From the experimental results, the dissolution rates of magnesium ions in the magnesium ascorbate of examples 1 to 3 after stomach digestion are 97.91%, 97.87% and 97.82% respectively, and the dissolution rates after intestinal digestion are 54.38%, 54.56% and 54.33% respectively; comparative examples 1 to 3 the dissolution rates of magnesium ions in magnesium ascorbate after gastric digestion were 97.44%, 97.36% and 97.29%, respectively, and the dissolution rates after intestinal digestion were 51.99%, 52.29% and 52.13%, respectively; the dissolution rates of magnesium ions in the magnesium sulfate after being digested by stomach and intestinal tracts are respectively 97.8% and 33.15%. Examples 1 to 3 had respective dialyzates of 42.68%, 41.59% and 41.71% for magnesium ions in magnesium ascorbate, and comparative examples 1 to 3 had respective dialyzates of 36.37%, 35.98% and 35.12% for magnesium ions in magnesium ascorbate, while the diafiltration of 22.93% for magnesium ions in magnesium sulfate. It can be seen that the dialysis rate of magnesium ions in magnesium ascorbate is significantly higher than that of magnesium sulfate, and although magnesium sulfate exists in a stomach environment in a dissolved state, the solubility of magnesium sulfate is significantly reduced after the magnesium sulfate enters an intestinal environment, so that the magnesium ions in magnesium ascorbate can easily enter the intestinal environment, which indicates that the bioavailability of magnesium ascorbate is higher than that of magnesium sulfate, and the bioavailability of magnesium ascorbate prepared by an ultrasonic method is higher than that of a conventional method, which may be related to the content of magnesium ascorbate.

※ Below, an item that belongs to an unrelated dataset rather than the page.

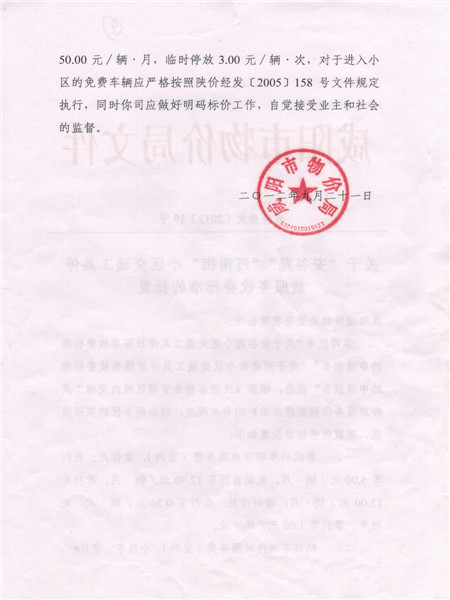 車輛收費(fèi)批文

The above embodiments are only used for illustrating the technical solution of the present invention, and not for limiting the same; although the invention has been described in detail with reference to the foregoing embodiments, it will be apparent to those skilled in the art that various changes may be made and equivalents may be substituted for elements thereof; but it is also intended to cover such modifications or alterations insofar as they come within the scope of the appended claims.